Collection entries
□ □ □ □ □ □ □

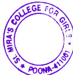
Principal Incharge St. Mira's College for Girls, Pune.
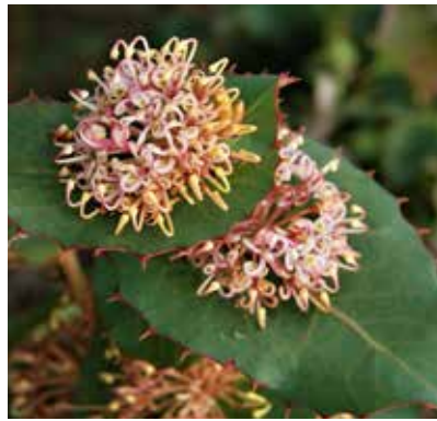
Hakea amplexicaulis . Neil Marriott.

be allowed to visit and tour this fine garden. A unique feature of the Myer Garden is the beautiful 2 metre tall Grampians sandstone wall that surrounds the garden.
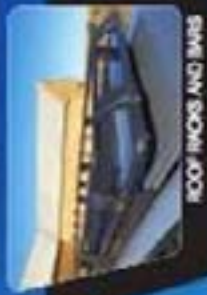
ROOF RACKS AND BARS
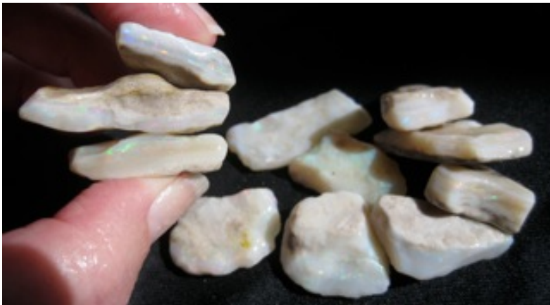
15. $240 IMG_0682 Mintubi White Base Reds & Greens $150/oz 1.6oz
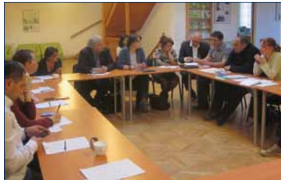
A 2012 Open World–sponsored roundtable in Tbilisi discusses social inclusivity, with alumni of the 2011 Jacksonville exchange as featured speakers.
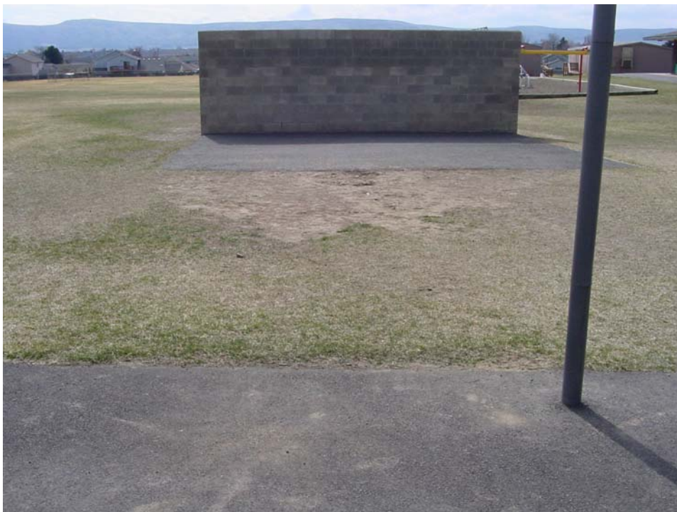
Figure 7. View of dodge ball wall, Apple Valley School.
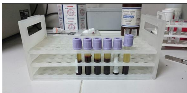
Fig 3: Vacutainers after 15 minutes of centrifuge with 1500 RPM
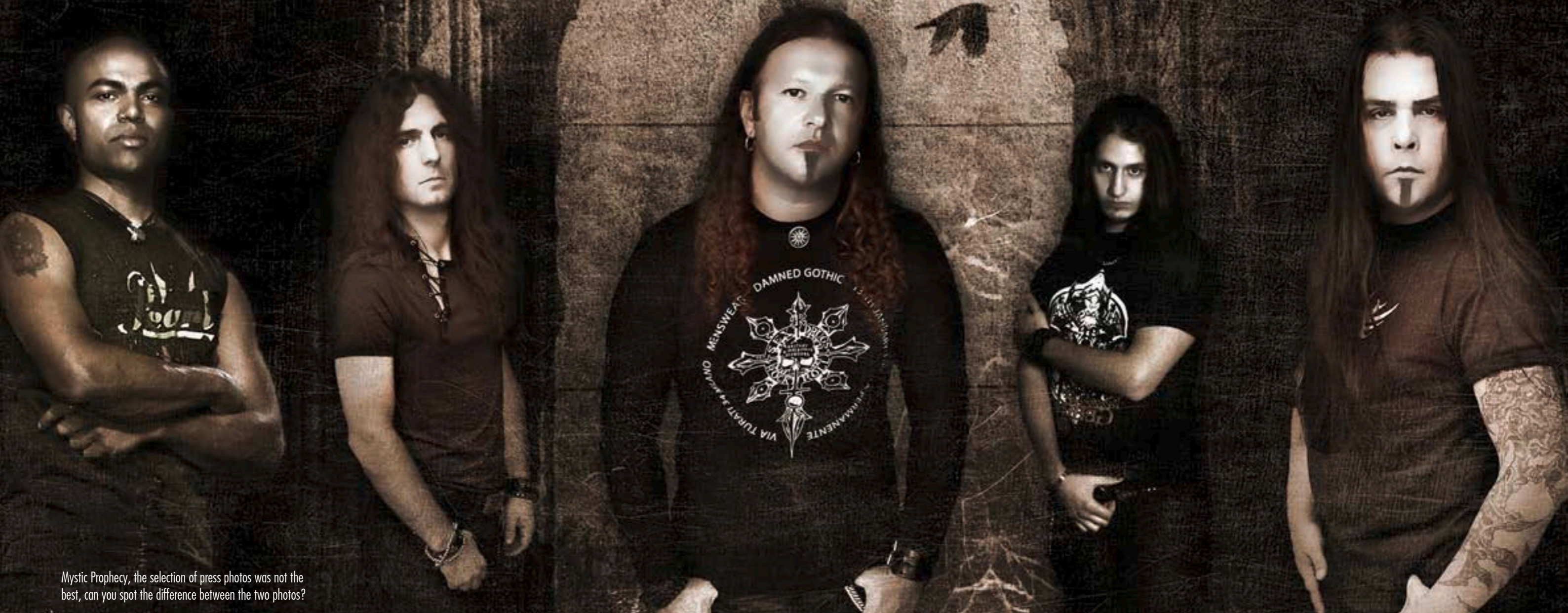
Mystic Prophecy, the selection of press photos was not the best, can you spot the difference between the two photos?

We have so far about 45 reviews, which are all 9-out-of-10, and in the magazines soundchecks we are constantly in the top 5.
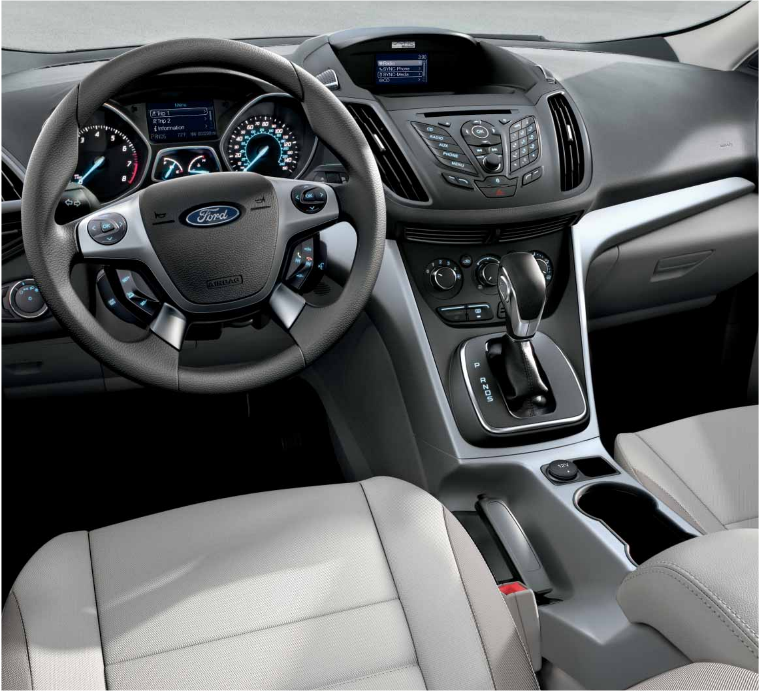
SE. Medium Light Stone cloth trim. | SE. 2nd-row 60/40 split seat with reclining seat backs. | Overhead console with sunglasses holder. | Ford SYNC ®

□ □ □ □ □ □ □

» Work order: Pictures excluded, repeat the records exactly from their opening line through the line containing "15. $240 IMG_0682".

» Expected answer:
Principal Incharge St. Mira's College for Girls, Pune.
Hakea amplexicaulis . Neil Marriott.

be allowed to visit and tour this fine garden. A unique feature of the Myer Garden is the beautiful 2 metre tall Grampians sandstone wall that surrounds the garden.
ROOF RACKS AND BARS
15. $240 IMG_0682 Mintubi White Base Reds & Greens $150/oz 1.6oz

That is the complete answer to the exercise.